Centroid of Isosceles Triangle

We will put the learnings of the previous post into practice by applying the principles to a triangle. We will consider an isosceles triangle, with its base aligned with the x-axis and symmetrical around the y-axis as below, and determine the centroid (x,y), with a base of b and height of h.

Since it is intuitively obvious that the x coordinate of the centroid is 0, we will focus our efforts on calculating the y-coordinate of the centroid.

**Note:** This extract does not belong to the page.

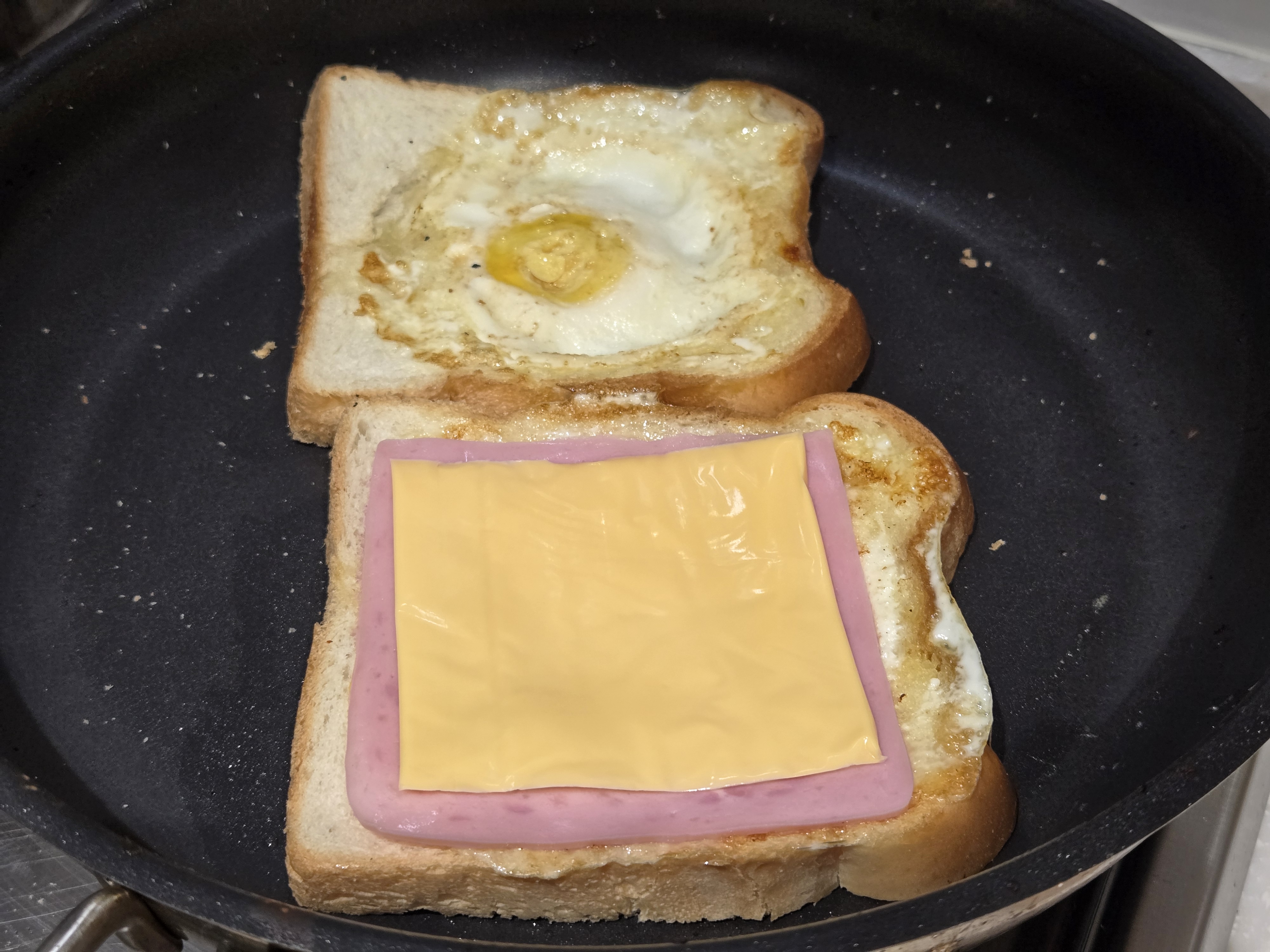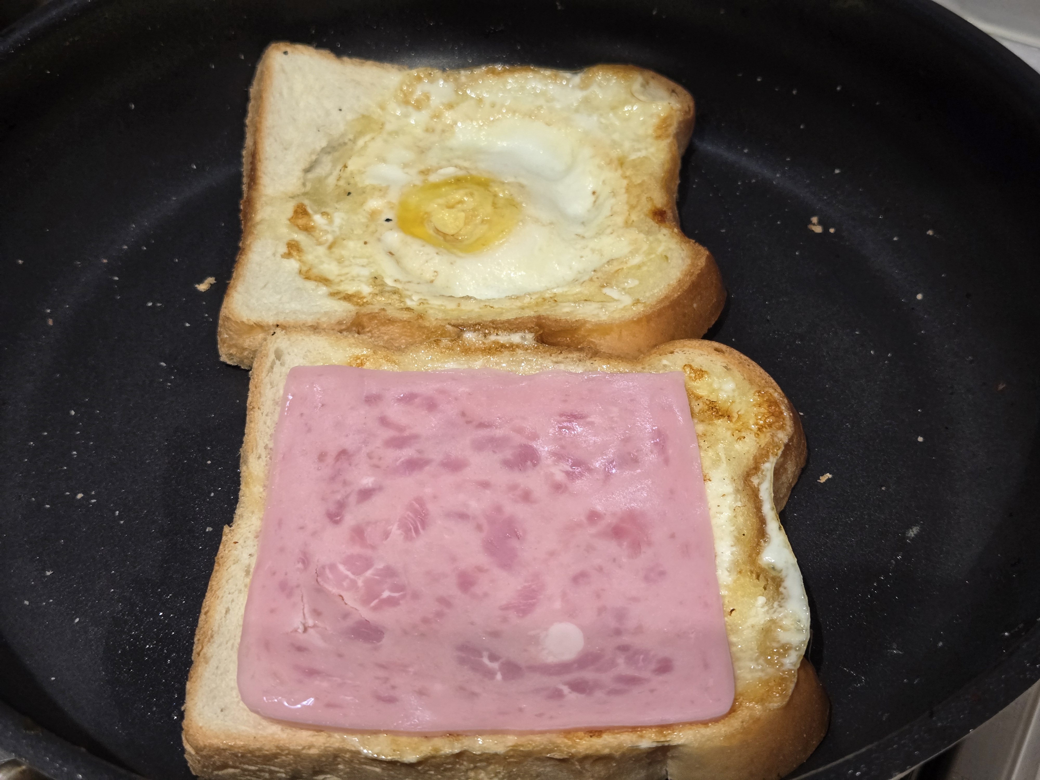 햄 한 장을 올려준 뒤,

Consider the right half of the triangle

In order to make the calculation a little easier, we will also only consider the right half of the triangle - hopefully it is clear that the y-coordinate of the centroid for half of the triangle is the same as that of the whole.

Before we get integrating..

\[A_{right-half}=\frac{1}{2}\times\frac{b}{2}\times h\]

(Everything from here onwards will be with respect to the right half of the triangle, unless otherwise specified).

The equation for the "edge" highlighted in red is:

\[y=\frac{-h}{b/2}x+h=\frac{-2h}{b}x+h\]

which means that:

\[x=\frac{b}{2h}(h-y)\]

The y-coordinate of the centroid is: \[\begin{equation} \begin{split} \bar{y}&=\frac{1}{A} \int y dA = \frac{4}{bh}\int _0^hy xdy\\ &=\frac{4}{bh}\int _0^h y \times\frac{b}{2h}(h-y)dy\\ &=\frac{2}{h^2}\int _0^h (hy - y^2)dy\\ &=\frac{2}{h^2}\int _0^h y(hy - y^2)dy\\ &=\frac{2}{h^2}\left[ \frac{h}{2}y^2 -\frac{1}{3}y^3\right]_0^h\\ &=\frac{2}{h^2}\frac{h^3}{6}\\ &=\frac{h}{3} \end{split} \end{equation} \]

In other words, the y-coordinate of the centroid of an isosceles triangle is a third way up from its base.